Homelab Journey Part 7: Backups with Restic That I Actually Trust

Posted on 26/06/28 in Homelab

I do not trust a backup because a job says it completed.

I trust it when I have restored from it.

That is the difference that changed how I think about backups in the homelab. A green log line is nice. It is not proof that the thing you care about can come back.

Restic is the tool I use because it keeps the setup simple. It is encrypted, deduplicated, scriptable, and portable. More importantly, I can understand the recovery process without needing the exact original machine to still exist.

NFS is not a backup

Most of the important state in my homelab lives on shared storage.

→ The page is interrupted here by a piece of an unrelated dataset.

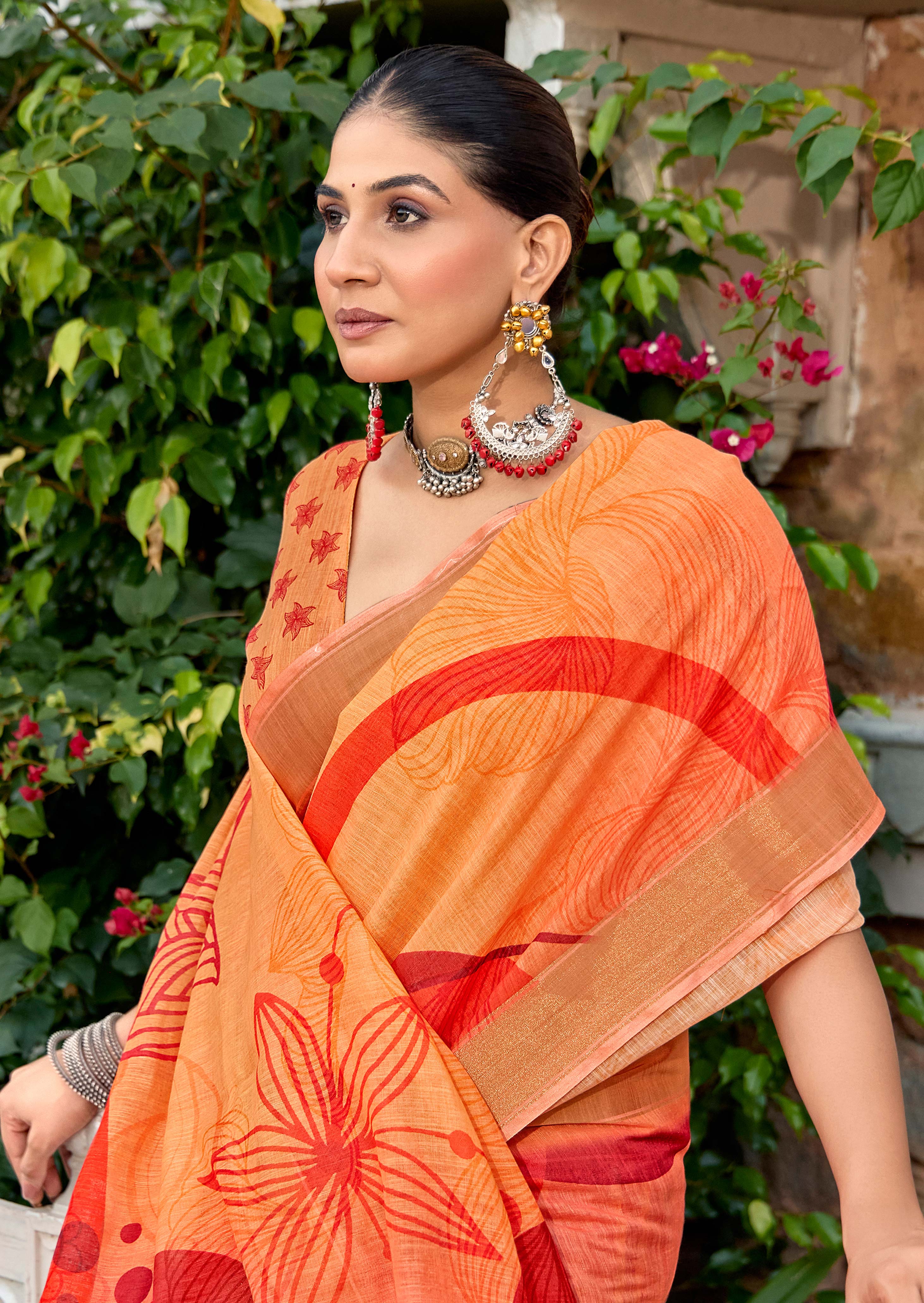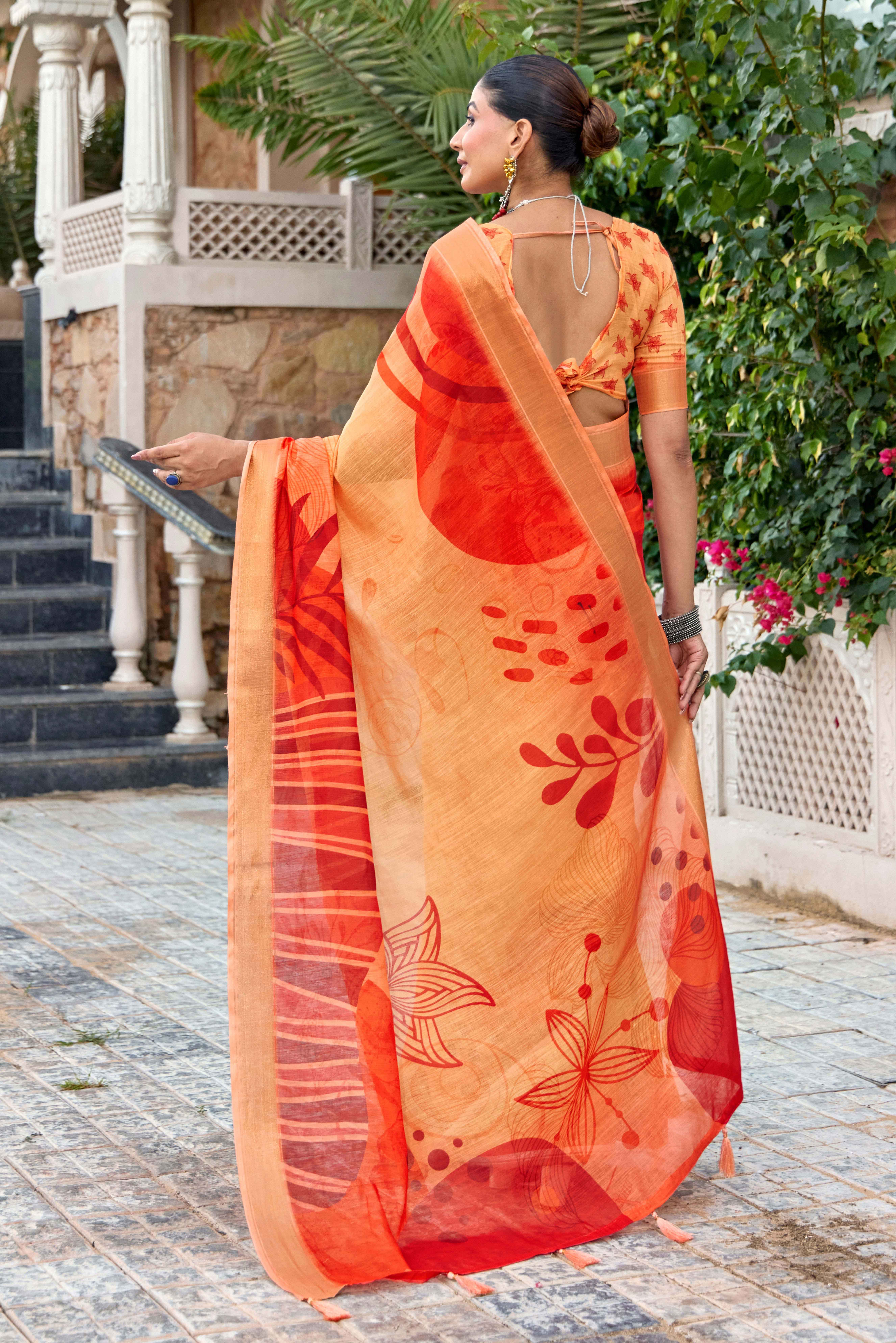 Orange Color Beautiful Linen Silk Fabric Saree With Sophisticated Partywear Saree

That makes service deployment easier. Containers can move around the Swarm and still find their data. It keeps writes off SD cards. It gives the cluster one obvious place for persistent state.

It also creates an obvious risk.

If the storage node has a bad day, the lab has a bad day. NFS makes storage convenient. It does not make it safe. Replication would not be enough either, because accidentally deleting the wrong directory would happily replicate the mistake.

Backups need to be separate from the thing they are protecting.

What I back up

The backup set is focused on things that would be painful or impossible to recreate.

That means service data, configuration, secrets where appropriate, documents, photos metadata, Home Assistant config, Gitea repositories, and the parts of the homelab repo that describe how everything is deployed.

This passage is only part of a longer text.